Most modern UFC fighters include grappling or jiu jitsu training into their routine, and many fighters base their strategy on trying to get the fight onto the ground where they can dominate.

But could this effectiveness of jiu jitsu actually be misleading?

One of the most interesting things about grappling martial arts is that, because they are not strike based, people can train in them with a much lower risk of injury. Striking martial arts require literally "pulling your punches" and heavy use of pads and protective gear for practitioners to not end up permanently injured immediately.

Grappling, on the other hand, involves choking out or putting the opponent in a hold they can't escape, which they tap out from (or pass out from). The technique does not have to be watered down in training, meaning that all of those hours of fighting practice are much more directly applicable to real fights. It also means that a fighter is much more likely to be able to gain years of experience and skill without receiving a major career ending injury.

Skydiving and Effective Training

A friend of mine (Hi Paul!) who is an experienced skydiver and wingsuiter once explained to me the problem with become highly skilled with wing suits. With skydiving, you can clock up training hours not just by jumping out of planes, but also using indoor wind tunnels. Jumping out of planes takes a lot of time and money for every few minutes of air time you get, so being able to clock up hours more efficiently indoors allows skydivers to improve their skills much faster.

But with wingsuits, you can't effectively fly them indoors. The only real way to gain experience in a wingsuit is doing a jump. This means that it takes much longer to gain skill and experience, and learning new tricks and techniques is much slower than with skydiving.

This is similar to the problem with grappling versus striking martial arts. Safe but highly effective training is much easier with jiu jitsu than with kick boxing, and the injury rate much lower. Jiu jitsu practitioners can clock up hours of realistic training much faster than other martial arts, and are less likely to be interrupted by injuries. This also means that over the course of time, striking martial artists will tend to get more injured and forced to retire, so we should expect to see the best martial artists appear to be strongly grappling focused.

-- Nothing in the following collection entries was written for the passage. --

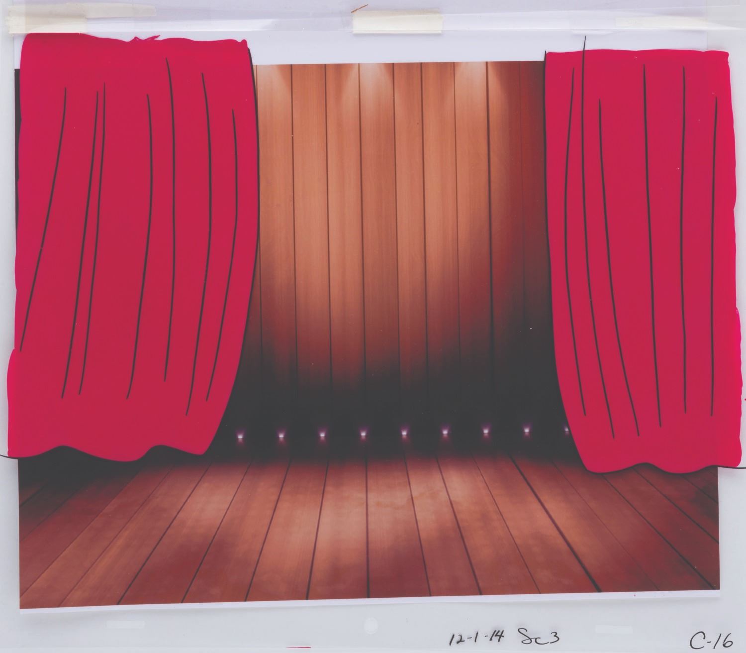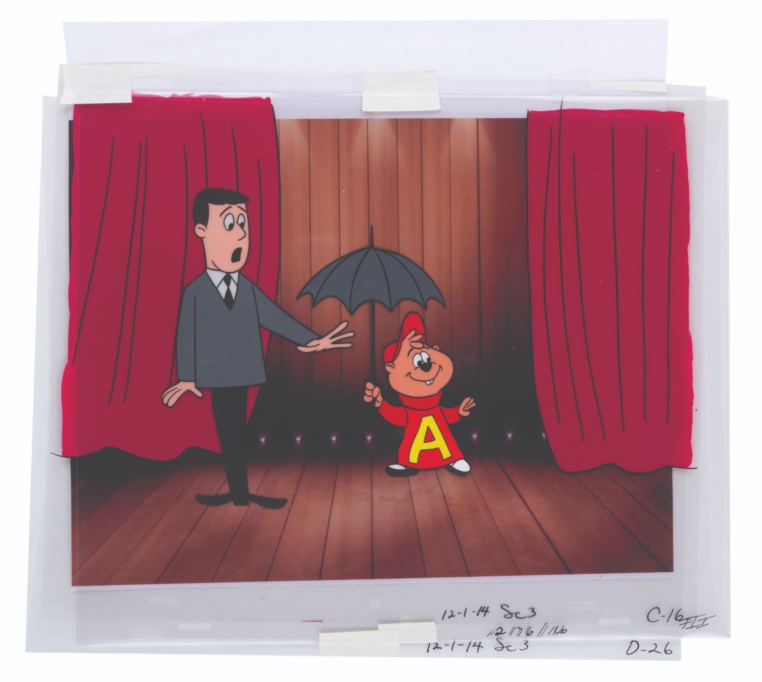 (CBS, 1961-62) An original multi-layer production cel of Alvin and David Seville from “The Alvin Show,” with a color copy background. Alvin and David have an image size of 6” x 6.25” on 10.5” x 12.5” cels. The hand-painted piece is in very good production-used condition with a spot of line loss to David’s right shoulder.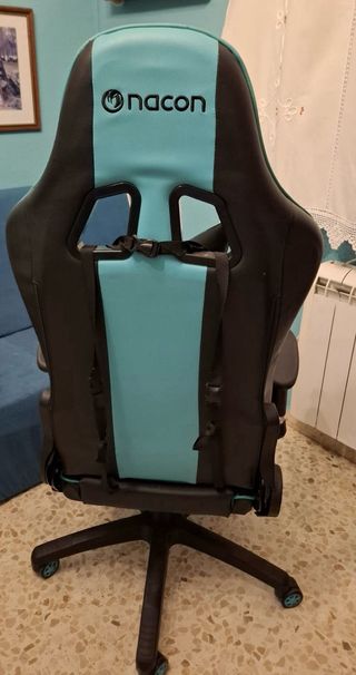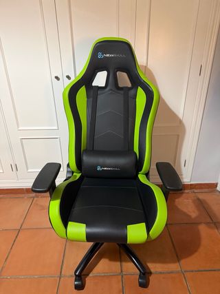 Silla de gaming con un diseño ergonómico y llamativo. - Tapicería en polipiel negra con detalles en verde lima. - Respaldo alto con soporte lumbar. - Reposabrazos acolchados. - Base con ruedas para fácil movilidad.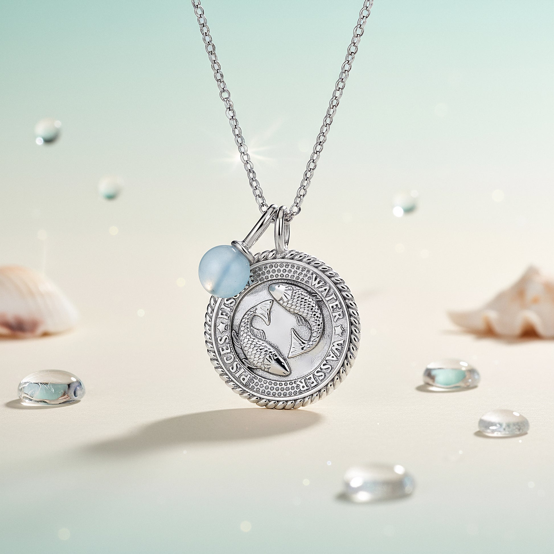 • Halskette mit Anhänger Sternzeichen Fisch aus 925er Sterlingsilber und blauem Achat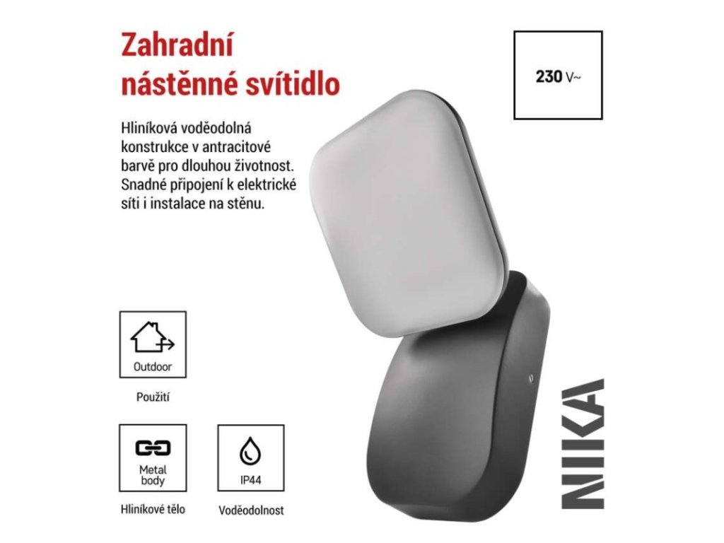 barva: antracit|barva světla: teplá bílá|dosah PIR senzoru: –|energetická třída použitého světelného zdroje: G|fotovoltaický článek: ne|frekvence: 50/60 Hz|index podání barev (CRI): > 80|kategorie: CLASSIC|krytí: IP44|materiál: hliník|materiál difuzoru: plast|napájení: 230 V AC|napětí: 220-240 V~|patice (uchycení žárovky): –|PIR senzor: ne|příkon: 12,5 W|prodejní obal: 1 ks, krabička|řada: NIKA|rozměr: 120 × 120 × 200 mm|rozsah pracovní teploty: -20 ~ +40 °C|soumrakový spínač: ne|světelný tok: 900 lm|teplota chromatičnosti: 3000 K|vestavěný vypínač: ne|žárovka součástí balení: –|zdroj světla: LED|životnost: 25 000 hDoplňkové parametry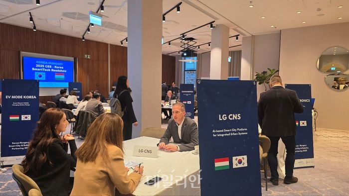 KOTRA와 국토부는 25일과 27일 헝가리와 체코에서 ‘2025 중부유럽 스마트테크 로드쇼’를 개최했다. 헝가리 부다페스트에서 열린 B2B 수출상담회의 모습. ⓒ대한무역투자진흥공사
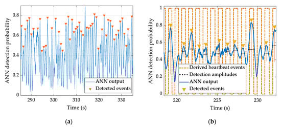 An example of the heartbeat’s method detection. Panel (a) shows the output of the FF 20 1 ANN smoothed with a moving average window, with the detected prominent peaks in a 50 s interval. Panel (b) shows the output of the FF 20 1 ANN smoothed with a moving average window on a shorter time scale plotted against the reference ECG (derived heartbeat events) for an easier visualization of the detected heart events.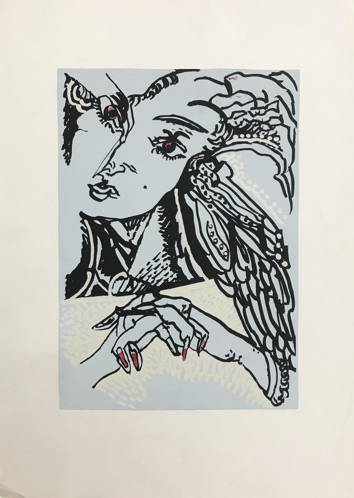 Remo Brindisi RITRATTO prova di colore su carta, cm 28,5x21 opera senza firma...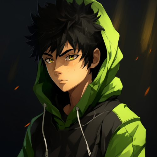 26 year old caucasian male, brown man bun, medium length beard, green eyes, light blue hoodie, anime style

So this means that jiu jitsu might not be as effective as it appears. It might just mean that someone is more likely to be able to practice jiu jitsu and engage in real fights for 20 years than with other martial arts. We might be seeing an example of what's known as the survivorship bias, where we notice the examples that have survived long enough to be counted, but forget about all the cases where bad luck made them disappear from our radars.

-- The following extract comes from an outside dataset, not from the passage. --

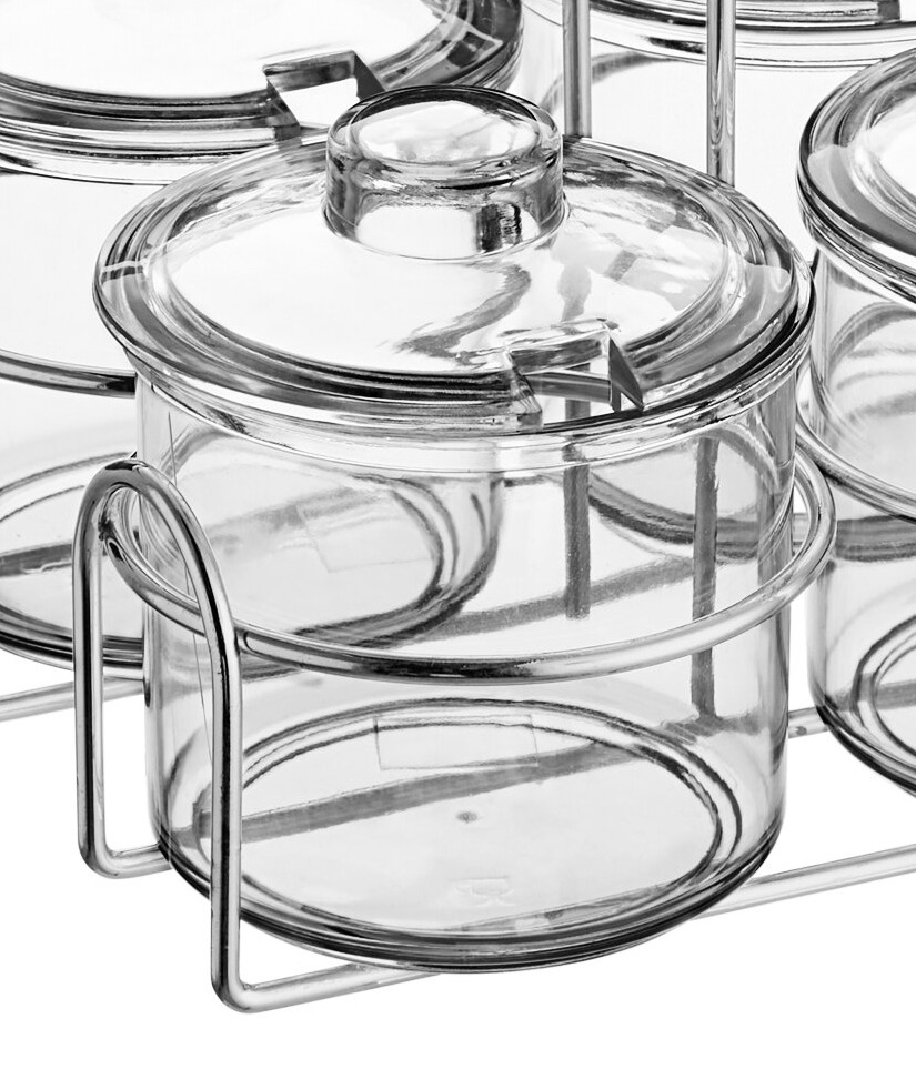 This condiment caddy with jars is perfect for restaurants, buffets, carnival stands, or banquet halls. It's at home on either a condiment table at a burger stand to allow customers the chance to spice up their own fries or on the table at an upscale restaurant serving gourmet salads and dressings. Use this caddy with plastic jars to create a candy bar at your catered event, display ingredients at your buffet, or store condiments at outdoor venues!
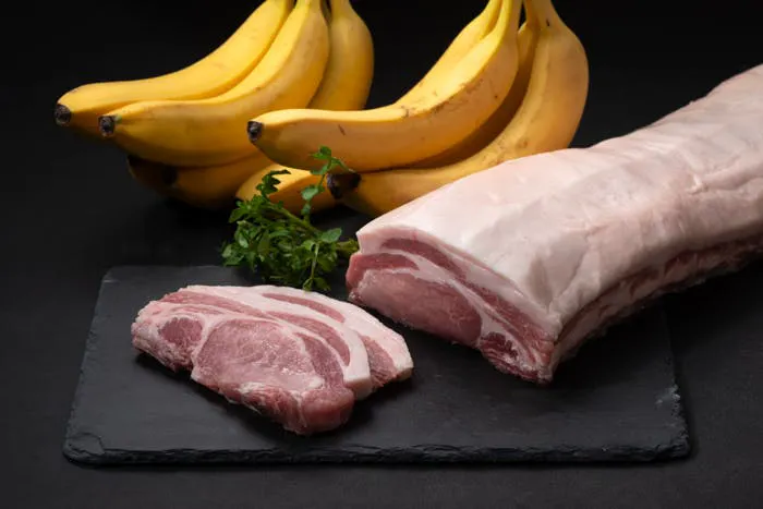 「えびすもち豚」は、兵庫県の株式会社マルヤスミートさんが飼育している淡路島産のブランド豚です。その特徴はバナナを飼料にした、いわば「バナナ豚」ということ。マルヤスミートの安次嶺社長がバナナチップに出会ったのは約10年前とのこと。傷物という理由で廃棄されるバナナを乾燥させてチップにし、飼料に配合して与えてみたところ、脂肪の質が変化し、甘味がぐんと増加。しかもその甘さがくどくなく、豚特有の匂いも抑えられることから、あっさりとした味わいでとにかく軽い!

The Future of Martial Arts

At the end of the day, it might not really matter if jiu jitsu is as effective as it appears, or if it is largely benefiting from a lower injury attrition rate. For a person who wants to learn effective martial arts, it might simply be more pragmatic to engage in an art that is less effective, but doesn't require luck to be able to practice it long term without serious injury.

But what about the future? Right now a striking martial artist can use various tools to try and train as effectively as possible with the limitation that they can't just pummel the shit out of other human beings in order to refine their technique. It helps to an extent, but it's clearly a disadvantage. However, as robotics technology improves in the next couple of decades, we are going to be able to make training partners that people will be able to engage against fully without having to modify their techniques to avoid hurting their partner, and also not have to risk receiving injuring blows themselves.

When this kind of training becomes possible, I think we're going to see another revolution in martial arts training.